The graphene-on-copper film is first floated on 5 wt% ammonium persulfate to remove graphene from the back side of the Cu foil. The remaining single-sided Cu/graphene is sandwiched against the polymer membrane between glass slides and gently roll-pressed with a glass rod to ensure conformal adhesion. A second APS etching step dissolves the copper, leaving monolayer graphene bonded to the polypropylene or PVDF surface, followed by deionized water rinsing and air drying.

Why is interfacial polymerization used to seal defects in transferred graphene?

CVD graphene transfer almost always introduces tears, cracks, and pinholes that allow solutes to bypass any engineered nanopores, destroying selectivity. Interfacial polymerization of Nylon 6,6 — using adipoyl chloride in hexane and hexamethylenediamine in water — confines polymerization to the defect openings, plugging them with insoluble polyamide while leaving intact graphene regions untouched.
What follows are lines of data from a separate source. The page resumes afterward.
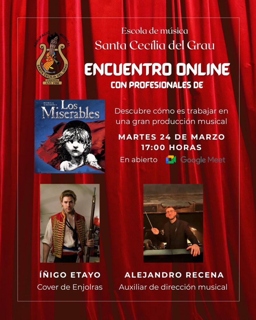Amb motiu de la pròxima escapada musical a Madrid que ha organitzat la nostra Agrupació, en la qual assistirem a diversos esdeveniments, com la sarsuela Jugar con fuego, la Simfonia núm. 4 de Brahams i el musical Los miserables, esta vesprada hi haurà una trobada en línia amb artistes d’este musical que ens contaran la seua experiència en este tipus d’espectacles i com s’organitza una producció tan complexa.
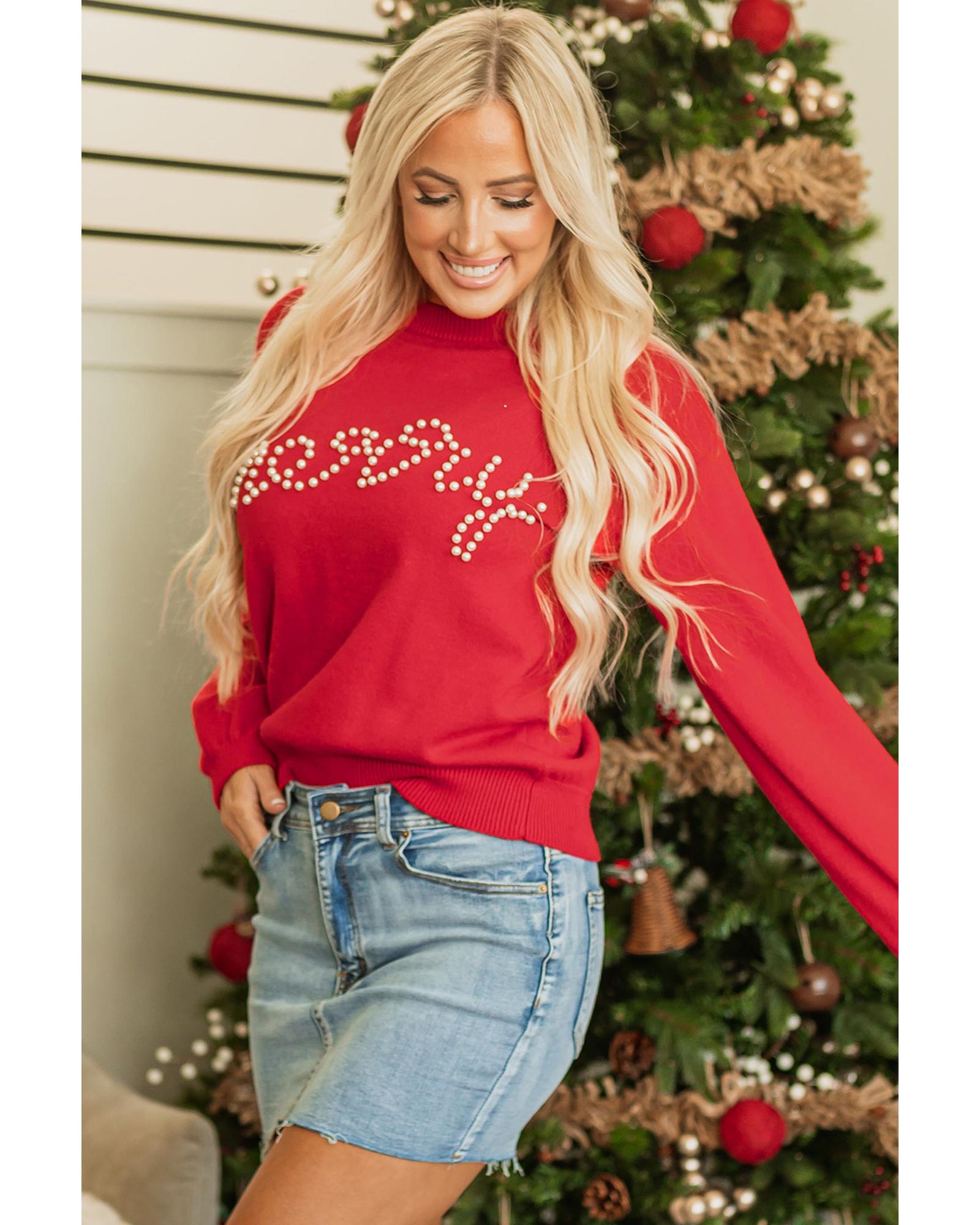 This festive red pearl beaded sweater combines a cheerful holiday pattern with elegant pearl accents, making it a perfect choice for the holiday season. Designed with a trendy fitted silhouette, it offers both style and comfort, ideal for staying cozy during chilly winter days.
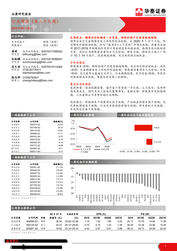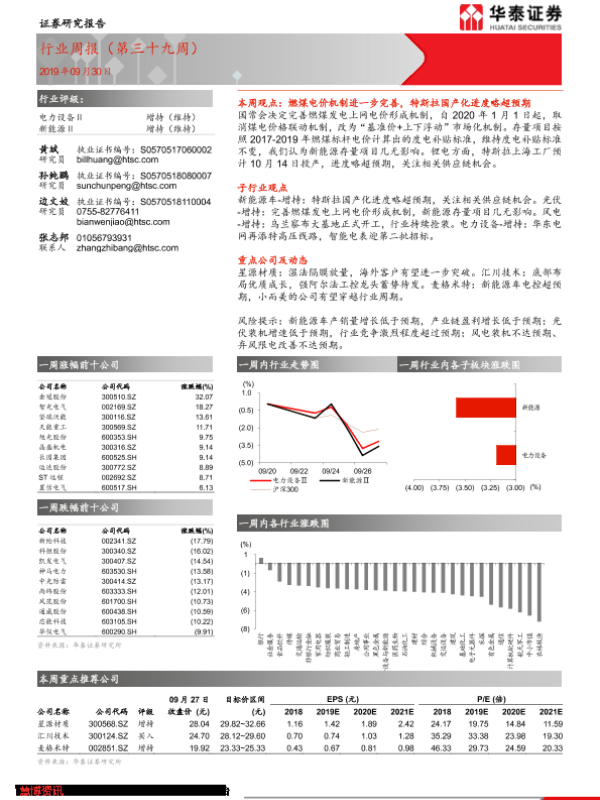 【华泰证券】【20190930】电力设备行业周报(第三十九周)-15页
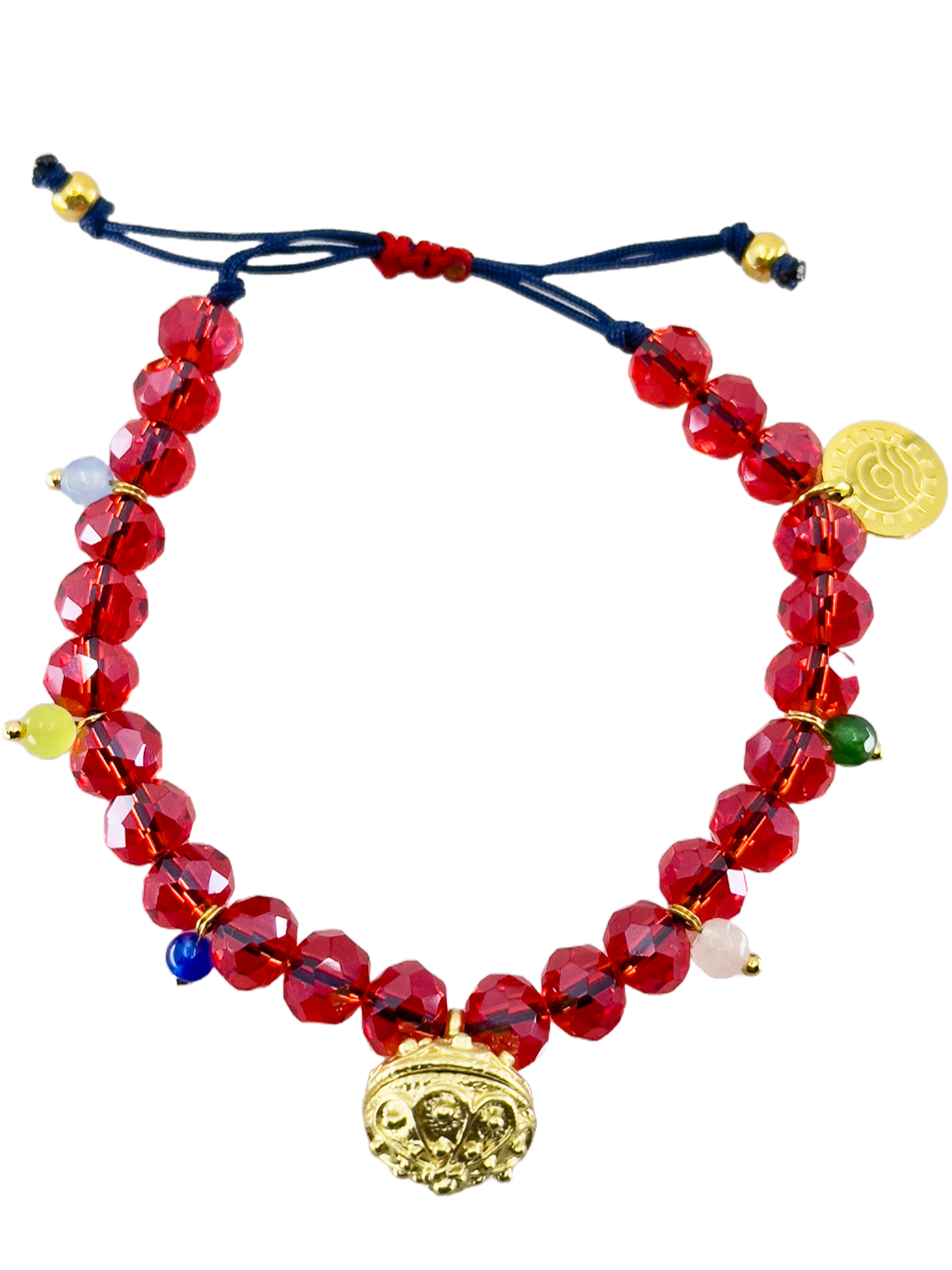 Halte mit dem Armband "Scene Stealer" einen Hauch von mediterranem Flair am Handgelenk fest! Die transparent-roten und bunten Glasperlen sowie der vergoldete, typische mediterrane Anhänger verleihen jedem Outfit einen tollen Look.

In this study the technique raised KCl ion blockage from 57% to 84%, making the composite a viable starting point for nanopore engineering.

What ion blockage can graphene desalination membranes achieve after defect sealing?

Before defect sealing, graphene–PP membranes blocked 57% of KCl ions and graphene–PVDF membranes blocked 40%, reflecting transfer-induced defects. A single interfacial polymerization step of Nylon 6,6 raised both to 67%. After optimizing monomer concentrations and reaction time, graphene–PP composites reached 84% ion blockage. Note that these defect-sealed membranes are not yet selective desalination membranes — they form an impervious platform onto which size-controlled nanopores must be introduced.